Saturday, December 19, 2015

Cadmium & Black Phosphate Plating

After thoroughly cleaning and bead blasting all CAD plated parts, they were taken to a plating service a couple of hours away. I elected to drop them off and pick them up as I have family and work contacts in the area. The new source has a long history of motorcycle restorations and the plating came out great.
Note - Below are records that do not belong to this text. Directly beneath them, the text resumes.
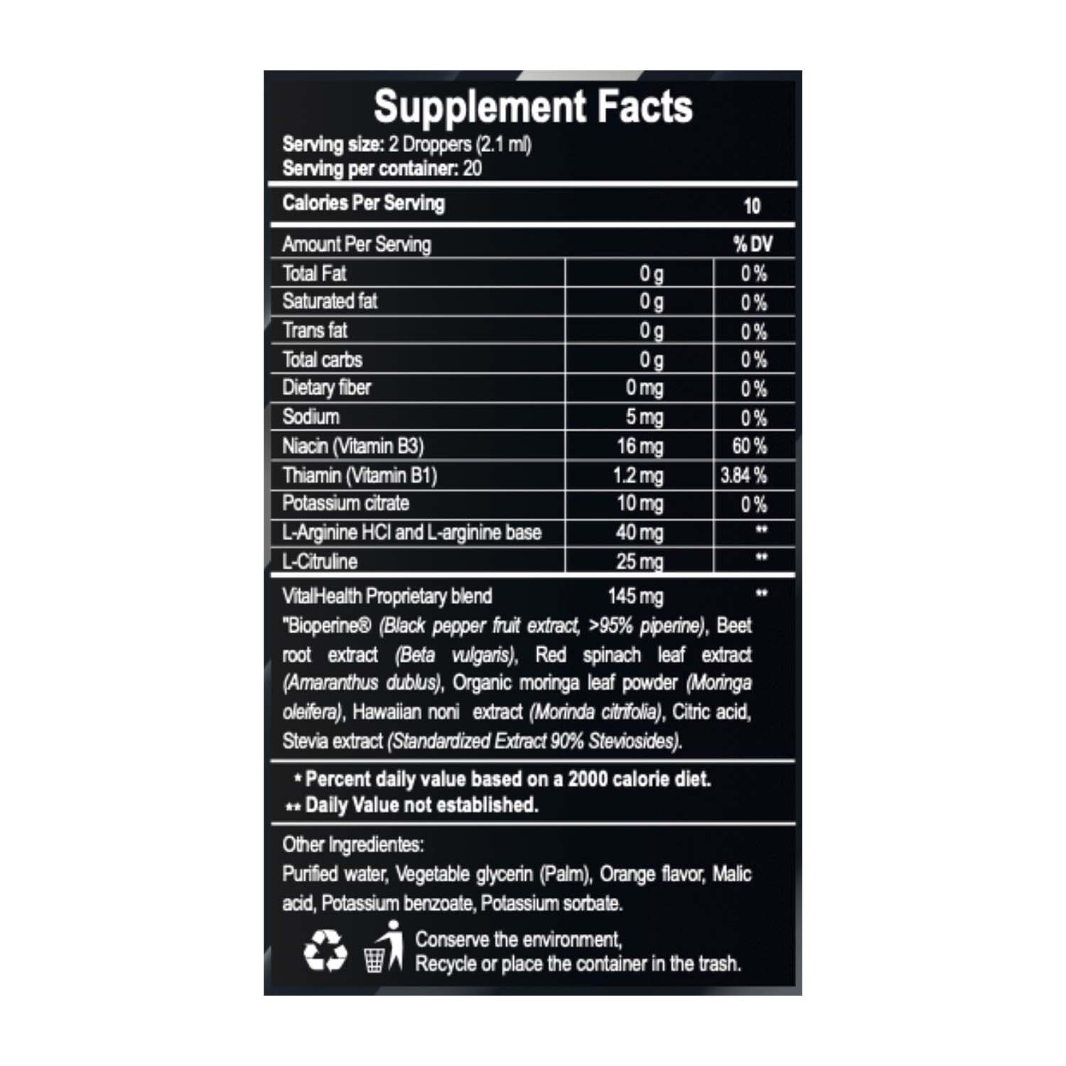 Agua, L-Arginina, L-Citrulina, Sabor natural de Naranja, Glicerina, Niacinamida (Vitamina B3), Potasio, Pimienta negra (Piper nigrum) con piperina al 95 %, Betabel (Beta vulgaris), Noni (Morinda citrifolia), Moringa (Moringa oleifera), Espinaca roja (Amaranthus spp.), Ácido cítrico, Sorbato de potasio, Benzoato de potasio, Sucralosa y Stevia como endulzante.
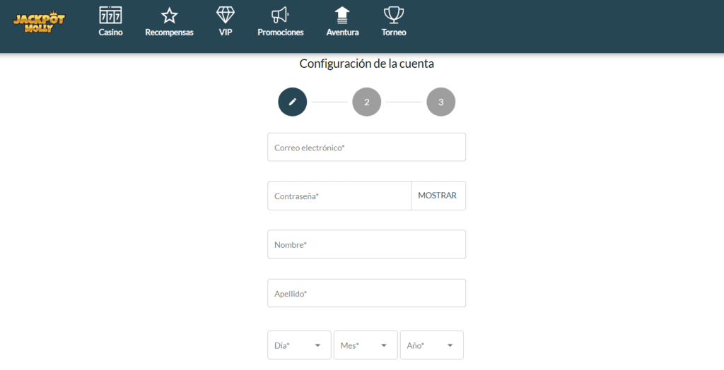 Para comenzar, el acceso a la página principal de Jackpot Molly revela un diseño limpio y una interfaz intuitiva, lo cual es un punto a favor para los usuarios nuevos que podrían sentirse abrumados con procesos complicados. El botón de “Registrar” es claramente visible y dirige a un formulario que se completa en tres pasos breves, optimizando así el tiempo del usuario.
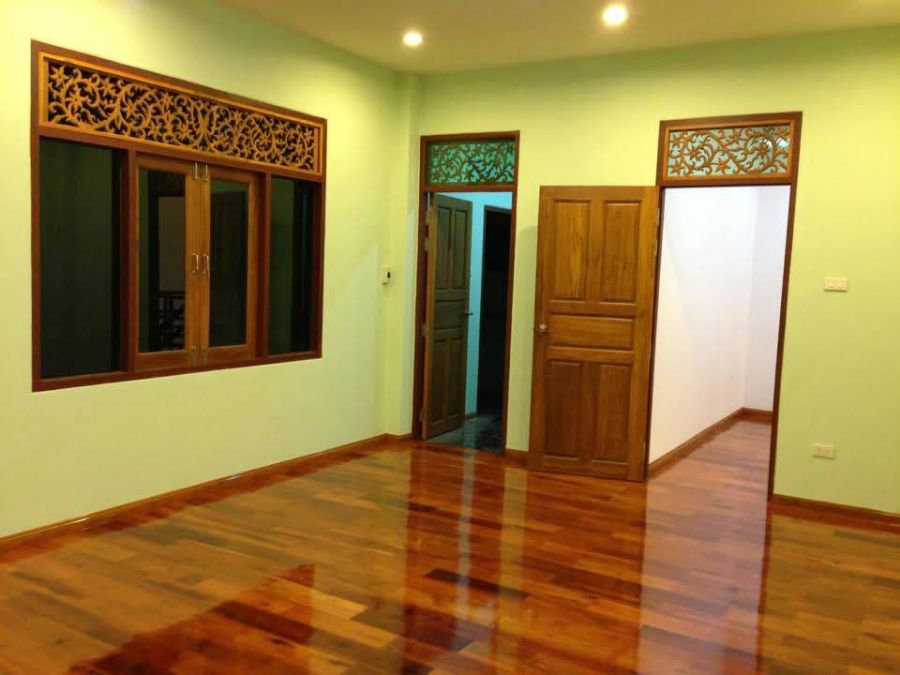 - วงกบ - บานประตูหน้าต่างเป็นไม้สักทองทั้งหลัง
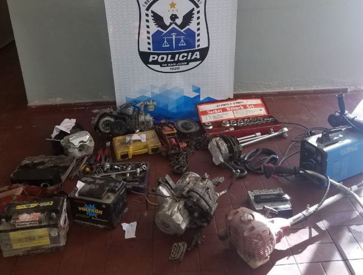 Policías de la seccional 21ra. de Jáchal apresaron a Luciano "Cuchillo" Pérez y un chico de 15 años, sospechados de haberse metido a un taller para robar. Luego de encarar los allanamientos ordenados por el juez Javier Alonso, los pesquisas encontraron las cosas denunciadas como robadas y otras, como amoladoras, motores y otros aparatos que podrían también ser sustraídas, informó la Policía. El chico será sometido a la Justicia de Menores, pero por ley es inimputable.

The smaller parts came out very shiny while larger ones had a frosted finish to them. The only issue I had was that the larger parts were scratched up. Maybe during the heat treat process to remove embrittlement?  Bead blasting took care of this and it was not an issue.  My last plating experience came out well but I had to re-thread everything. This does not seem to be an issue this time and will be a significant time saver. I think the prep work I did this time - documented in a  previous post - enabled this success. CAD adds thickness. If you do not strip the old CAD before adding new you will need to clean up the threads. I had a few threads to clean up this time but not many. 

Out of the box and ready to sort. 
I am matching them up to the parts book and photos I took. 

Making progress....

Spokes look great. 

Scratched parts .... on to the bead blaster. 

Matching up oil cooler hardware. 

I also had the black cap screws and lock washers finished in “black phosphate”. I have used home blue kits on firearms in the past and have not had the best luck with it. These parts came out well but do not exactly match the original plating although they are very close. Phosphate is a durable finish that should not wear or rust any time soon. I think it will look fine and work well although I plan to research other options next time.

Original on the right, black phosphate on the left. 



Another diversion.....granpa's 1964 Coleman 220F.....not running since the late 1960's.....carb cleaned in the ultrasonic, a new generater and mantles installed, and we're ready to go.... a carb rebuild is a carb rebuild.